You can use these barcode scanner SDKs to add this nifty feature to your app relatively easy. In fact, developing a barcode scanner for a calorie counter app from scratch today is almost like reinventing the wheel.
Integrations with other apps and fitness gadgets
Besides the barcode scanner and various databases, your calorie counter app can get user data from myriads of other fitness apps, habit trackers, sports gadgets, smartwatches, smart scales, and other activity trackers. The bare minimum you need is integrations with:
- Apple HealthKit in an iOS app
- Samsung Health in an Android app
- Google Fit in an Android or iOS app
HIPAA considerations and security
We recommend that you build your calorie counter app as HIPAA compliant. It may seem overkill, but it’s just safer for everybody this way. Some of the third-party apps you integrate with might transfer Personal Health Information (PHI), and you definitely don’t need $100-to-$50,000 fines. The precautions are well known:
- transmit data only via secure HTTPS connections
- integrate Face ID or Touch ID
- encrypt PHI data on the mobile device
- implement session timeouts
- follow best practices from OWASP list of Top 10 Mobile Risks
Cost of Developing a Calorie Counter App
A decent MVP of a calorie counter app will cost you somewhere between $40,000 and $62,000. If you look at MyFitnessPal, this mobile app has been in development since 2009. So, you can imagine the kind of money invested in it.

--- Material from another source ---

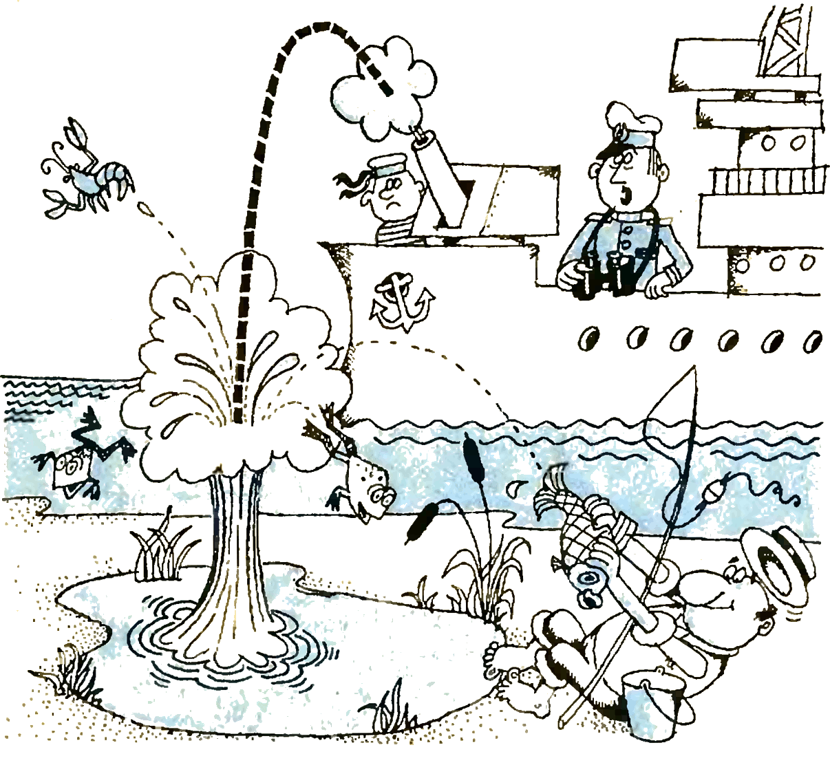 определения площади пруда - стрельба в него из пушки, а художник этот процесс

However, you can always start on a lean budget and get out the first version that will help you establish initial user traction. The growth will follow. We also recommend using a cross-platform framework like React Native to get an iOS and Android version out at the same time and on a smaller budget (compared to native apps).
Related: React Native and Swift Comparison
Competitive edge for your calorie counter app
You are probably thinking, “Ok, that must be pretty close to everything I need to know to build a calorie counter app. But how do I make my app a success?” You thoroughly research the competition: MyFitnessPal, Lifesum, Fat Secret, Fooducate, Lose It!, and others. You then pick their weaknesses and turn them into killer features in your app. Some ideas off the top of my head:
Pay special attention to seamless on-boarding
- add social logins for most popular social networks (that people actually use a lot)

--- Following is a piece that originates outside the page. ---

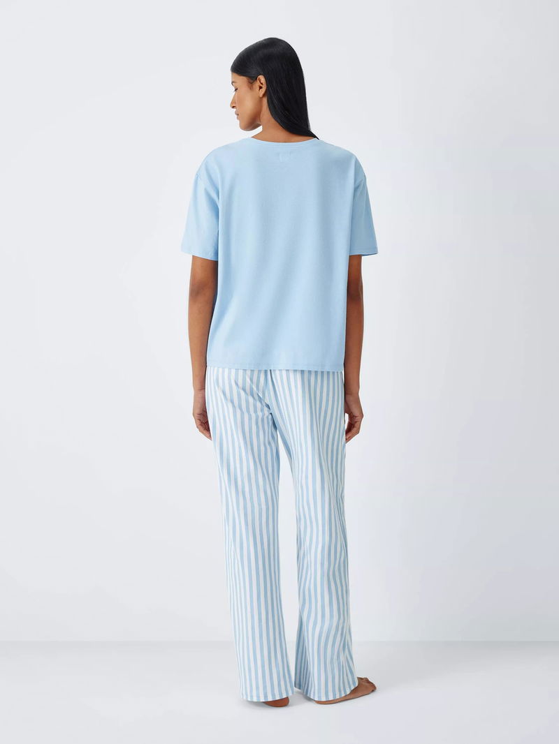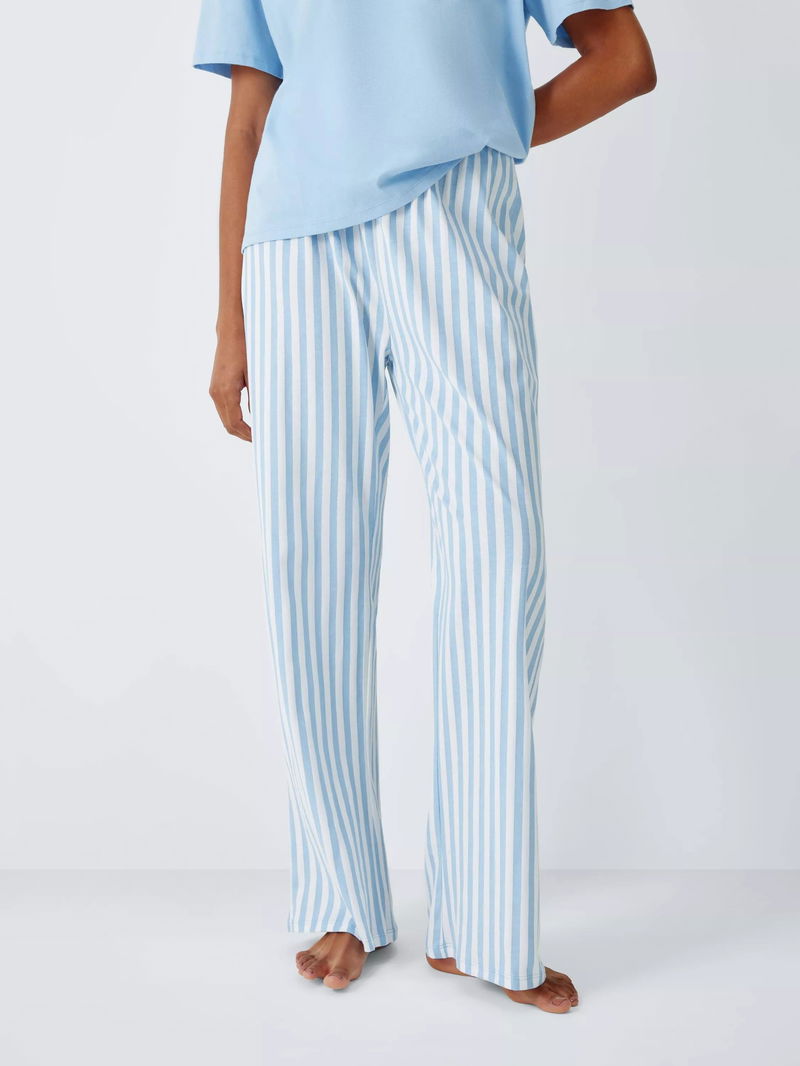 Stripe Pure Cotton Wide Leg Long Pyjama Set, Blue/Ivory

- give the user something before asking them to add their biometric data (take them on an app tour)
Be careful with social features
- Propose to share only positive results on the social feed
- Think through the UX and UI. For example, MyFitnessPal implements the social component as a mere web version of their forum, squeezed into the app. FatSecret, in contrast, offers a full-blown social feed with comments, photos, likes, etc. But the same FatSecret app does not hide the bottom bar when you start scrolling to free more space for viewing the social feed.
Image credit: MyFitnessPal and FatSecret applications
Smooth e-commerce integration
- MyFitnessPal opens a mobile site to sell their merch and other sports products. A standalone e-commerce app or a built-in catalog would easily outperform that web option and increase the sales.
We’re app developers in Los Angeles, Miami, New York, Las Vegas, with our head office in Orange County.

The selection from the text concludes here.